Suppressing a smile that came up like a belch, Menon Master said, ‘Isn’t the brouhaha that is happening the handiwork of a guy who thinks he is the greatest of all men?’
Naraapilla had a feeling that the master was mocking him. Then, shifting his gaze from Naraapilla, the master continued, ‘I was referring to Hitler. He is leading a battle. What is the use? On his own, he has decided that the race he is born in is the best and the rest are inferior. And then? The runt is out to wipe out the Jewish race in which were born great worthies from Jesus Christ to Einstein. Aren’t we also suffering from its effects in the form of scarcity and black marketeering?’
When he heard the word Christ, Naraapilla twisted his lips in a grimace and said, ‘Isn’t that an old tale?’
‘Narayana Pillai chettaa, it is no old story. Now, it is about here, I am talking about this thing now being referred to as the World War.’ Menon Master let out the laughter, which was bursting out anyway.
Appu Nair, to protect the honour of his brother-in-law, interjected, ‘No, what Naraapilla meant was the connectio
n between the War and the temple entry here…’
Drawing the cat—which was getting wet in the sleet as it was afraid to go into the shop because of the people—closer towards him, with his leg, Menon Master explained, ‘That’s war, this is peace. It is bad to discriminate between people, to see them as two kinds, Appu chettaa, wherever it may happen. In our land, this division is not just into two, but into four and eight … Therefore, our cruelty is four or eight-fold worse than Hitler’s!’
‘Well, perhaps he too has his own rationalizations,’ Appu Nair said. ‘Or else, would other nations join his side in the war? How can it become a world war this way? So let’s drop that claim! What Kuttan Pilla chettan was asking was about the Temple Entry Edi—’

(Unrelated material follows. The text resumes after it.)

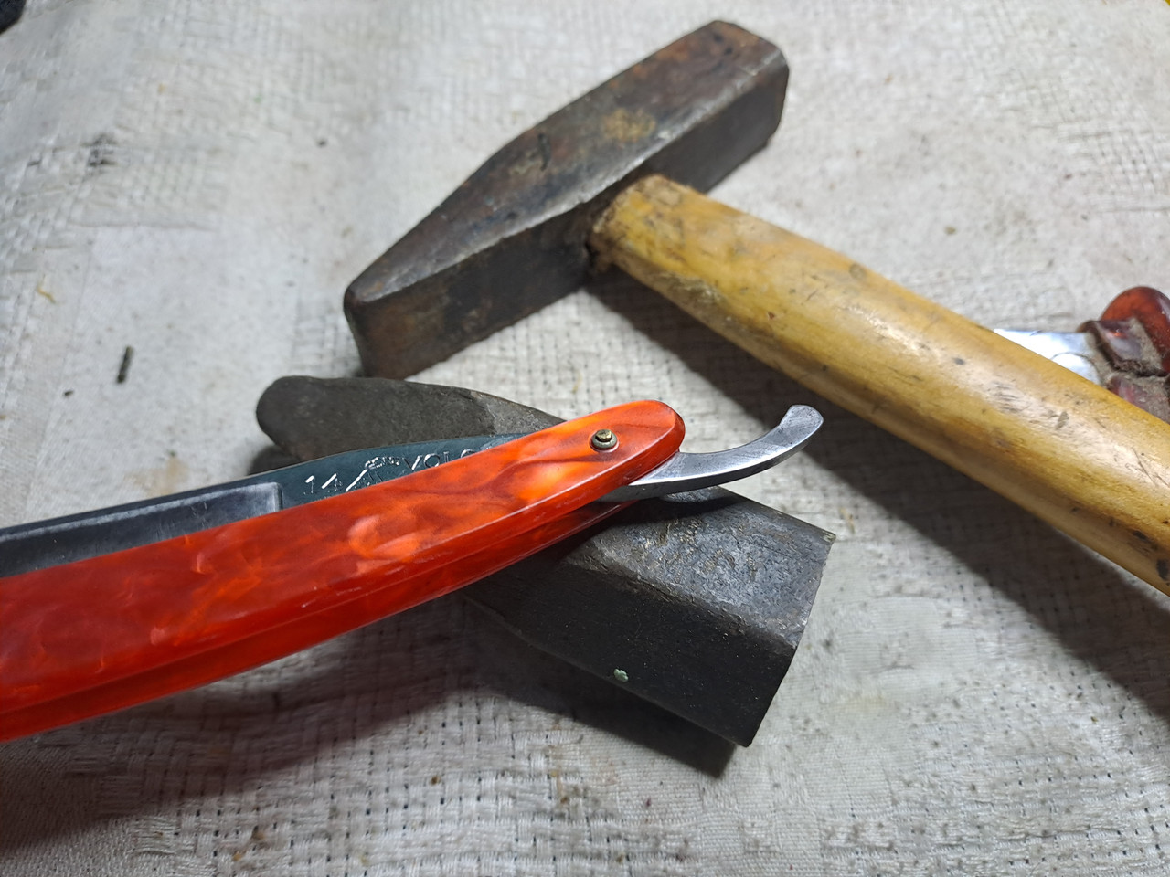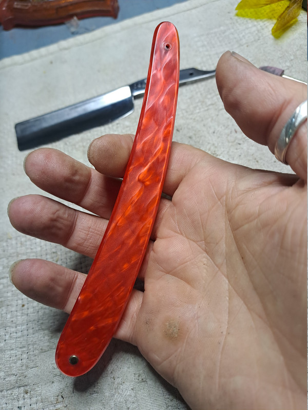 Creo que es el trabajo con el que más satisfecho estoy, me encanta como ha quedado, esas cachas rojas han sido un acierto, a la hoja se le han quitado casi todas las marcas.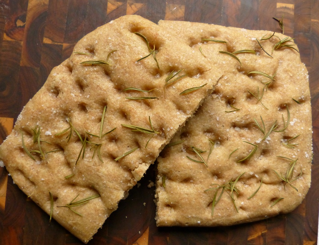 Die Schiacciata ist das Gegenstück zur bekannteren Foccacia; hier als ganz schlichtes Brot einfach nur mit Olivenöl und Rosmarin. Das hier ist ein einfaches No-Knead-Rezept mit wenig Hefe und langer Teiggare, das uns sehr gut geschmeckt hat. In der Toskana wird viel Farro, also Emmer verwendet, auch für dieses Fladenbrot. Ich habe „nur“ ganze Körner bekommen und habe das Vollkornmehl mit Dinkel 630 gemischt, daher die braune Farbe.

Holding up his hand to halt him from continuing, Menon Master said, ‘Understood. But if justice reaches everywhere simultaneously, how does it become injustice? In 1932, when the paper allowing voting rights to those who were paying a land tax of five rupees was passed, only the land-owning Nairs and Brahmins would have found that just, right? And then in 1936 when Sir C.P. came and made that amount one rupee, it would have appeared just for a few others too! This is also true in the case of the temple entry, which happened the same year.’
‘So you’re saying that it’s cent percent just, aren’t you, Master?’ Kuttan Pilla said.
‘What’s the doubt?’ Menon Master said, ‘Human beings can be divided into men and women. If you divide them as wise men and fools also, it is acceptable. We can have both in the same house. But this arrangement along castes, that’s outrageous! That is where the greatness of the Edict lies. But that is still not enough at all. There, haven’t you read about ladies such as Akkamma Cherian coming to the forefront? Does Narayana Pillai chettan recognize who is it?’ When Menon Master asked that, Naraapilla twisted his head towards the top dome of the Thachanakkara thevar and sat there as if he was pondering over something. Menon Master had expected that. It was the seventy-year-old Kuttan Pilla who came to the rescue at that point, ‘Don’t you know, Naraapilla? She’s State Kangress’s dittaa … or something … what’s it that you call it?’